• Dataset:
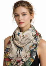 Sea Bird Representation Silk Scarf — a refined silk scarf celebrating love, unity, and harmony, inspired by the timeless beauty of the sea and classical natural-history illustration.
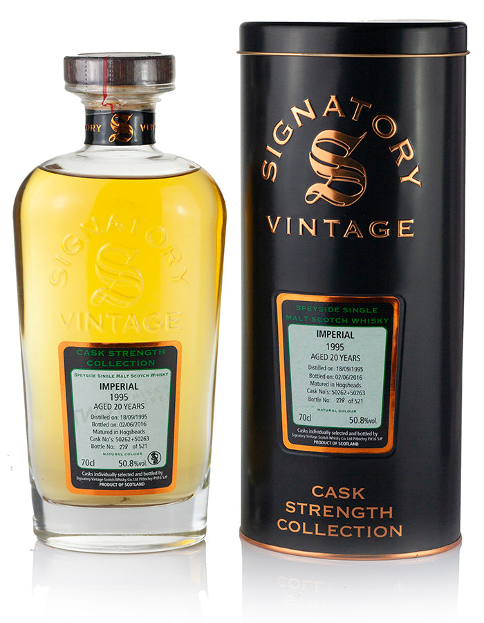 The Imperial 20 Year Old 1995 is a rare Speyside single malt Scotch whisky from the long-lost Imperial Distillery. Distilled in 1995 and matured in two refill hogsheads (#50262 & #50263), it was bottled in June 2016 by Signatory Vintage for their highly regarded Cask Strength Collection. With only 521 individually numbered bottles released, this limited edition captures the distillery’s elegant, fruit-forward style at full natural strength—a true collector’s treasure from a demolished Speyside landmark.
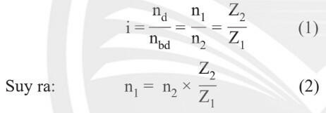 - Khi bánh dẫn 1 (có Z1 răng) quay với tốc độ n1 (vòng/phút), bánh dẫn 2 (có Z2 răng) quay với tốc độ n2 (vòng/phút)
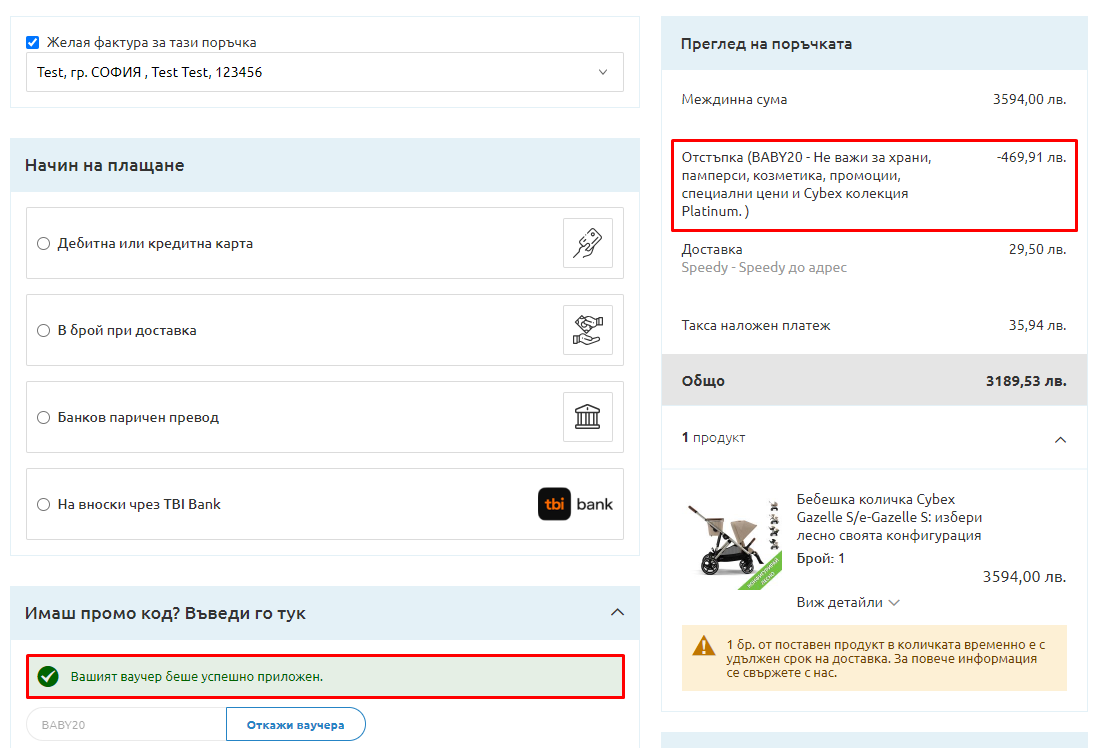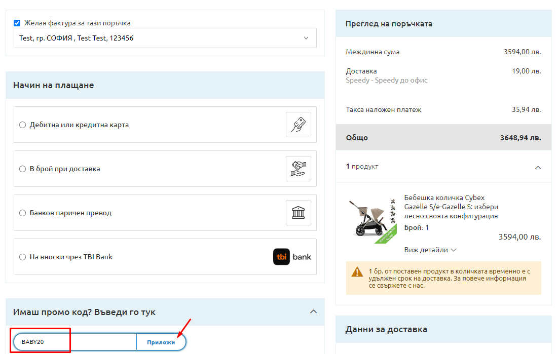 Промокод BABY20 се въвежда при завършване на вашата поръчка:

---

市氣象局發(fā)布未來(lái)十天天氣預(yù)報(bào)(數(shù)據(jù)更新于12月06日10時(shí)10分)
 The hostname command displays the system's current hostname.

• Problem to work on: Transcribe only the lines above that start at the line containing "- Khi bánh dẫn" and end at the line containing "Промокод BABY20 се". Omit pictures.

• Reply:
 - Khi bánh dẫn 1 (có Z1 răng) quay với tốc độ n1 (vòng/phút), bánh dẫn 2 (có Z2 răng) quay với tốc độ n2 (vòng/phút)
 Промокод BABY20 се въвежда при завършване на вашата поръчка:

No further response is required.